On that tape, Jones tells Temple members that the Soviet Union, with whom the Temple had been negotiating a potential exodus for months, would not take them after the Temple had murdered Member of Congress Leo Ryan, NBC reporter Don Harris and three others at a nearby airstrip. When members apparently cried, Jones counseled "Stop this hysterics. This is not the way for people who are Socialists or Communists to die. No way for us to die. We must die with some dignity." At the end of the tape, Jones concludes: "We didn't commit suicide, we committed an act of revolutionary suicide protesting the conditions of an inhumane world."

The people in Jonestown died of an apparent cyanide poisoning, except for Jones (who died of an injury consistent with a self-inflicted gunshot wound) and his personal nurse. The Temple had spoken of committing "revolutionary suicide" in prior instances, and members had previously drunk what Jones told them was poison at least once before, but the "Flavor Aid" drink they ingested at that time contained no poison. Concurrently, four other members died in the Temple's headquarters in Georgetown. Four months later, Michael Prokes, one of the initial survivors, also committed suicide.

Solar Temple (1994–1997)

From 1994 to 1997, the Order of the Solar Temple's members began a series of mass suicides, which led to roughly 74 deaths. Farewell letters were left by members, stating that they believed their deaths would be an escape from the "hypocrisies and oppression of this world". Added to this they felt they were "moving on to Sirius". Records seized by the Quebec police showed that some members had personally donated over $1 million to the group's leader, Joseph Di Mambro.

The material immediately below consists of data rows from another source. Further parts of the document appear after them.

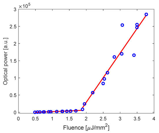 Figure 11 presents the spectrally integrated emission power across the 620–680 nm band as a function of incident pump fluence, showing characteristic nonlinear behavior that transitions from spontaneous to stimulated emission. Linear regression analysis of the sub-threshold and above-threshold regions reveals a distinct lasing threshold at 1.83 μJ/mm2. The threshold value is determined by the intersection point of linear fits to the spontaneous and amplified emission regimes, which defines the threshold condition.
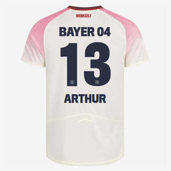 Das Bayer 04-Logo sowie das Logo unseres neuen Ausrüsters New Balance stechen in einer purpurrot gestickten Optik auf der Brust heraus, während unser Brustsponsor BarmeniaGothaer in dunkelblauer Schrift hervortritt. Der Nacken wird durch einen roten „Werkself“-Schriftzug geziert, der die Verbundenheit zur Mannschaft unterstreicht.
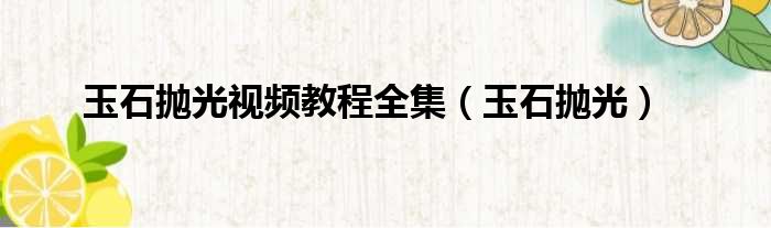 大家好,今天小六子来为大家解答以下的问题,关于玉石抛光视频教程全集,玉石抛光这个很多人还不知道,现在让我们一起来看看吧!

There was also another attempted mass suicide of the remaining members, which was thwarted in the late 1990s. All the suicide/murders and attempts occurred around the dates of the equinoxes and solstices, which likely held some relation to the beliefs of the group.

Heaven's Gate (1997)

From March 24 to 27, 1997, 39 followers of Heaven's Gate died in a mass suicide in Rancho Santa Fe, California, which borders San Diego to the north. These people believed, according to the teachings of their group, that through their suicides they were "exiting their human vessels" so that their souls could go on a journey aboard a spaceship they believed to be following comet Hale–Bopp. Some male members of the group underwent voluntary castration in preparation for the genderless life they believed awaited them after the suicide.

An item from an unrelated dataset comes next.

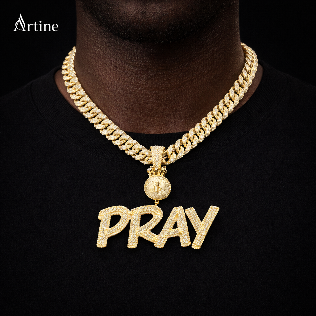 Custom Iced Name Pendant – Gold Script Letter Bling Charm

In May 1997, two Heaven's Gate members who had not been present for the mass suicide attempted suicide, one succeeding, the other becoming comatose for two days and then recovering. In February 1998, the survivor, Chuck Humphrey, committed suicide.

Béchard Lane Eckankar (2004)
In August 2004, ten dead bodies were discovered, all in a sleeping position, inside a two-story house located at Béchard Lane in the suburb of Saint Paul, Vacoas-Phoenix on the island of Mauritius. They had been missing for a number of days, and large loans had been contracted by some of the victims a short time before their deaths. Several of them were active members of the Eckankar sect. The main gate and all doors of the house had been locked from the inside, and the interior was in tidy order when police broke into the house.

Adam House (2007)
In 2007, in Mymensingh, Bangladesh, a family of nine, all members of a novel "Adam's cult", committed mass suicide by hurling themselves under a train. Diaries recovered from the victims' home, the "Adam House", related they wanted a pure life as lived by Adam and Eve, freeing themselves from bondage to any religion, and refusing contact with any outsiders. After leaving Islam, they fell out of boundaries of any particular religion.

Burari Deaths (2018)

The Burari deaths, also "Burari case" and "Burari kaand", refers to the deaths of eleven family members of the Chundawat family from Burari, India, in 2018. Ten family members were found hanged, while the oldest family member, the grandmother, was strangled. The bodies were found on 1 July 2018; in the early morning after the death. The police have ruled the deaths as mass suicide, with an angle of shared psychosis being investigated.

Disputed religiously motivated suicides

Movement for the Restoration of the Ten Commandments of God (2000) 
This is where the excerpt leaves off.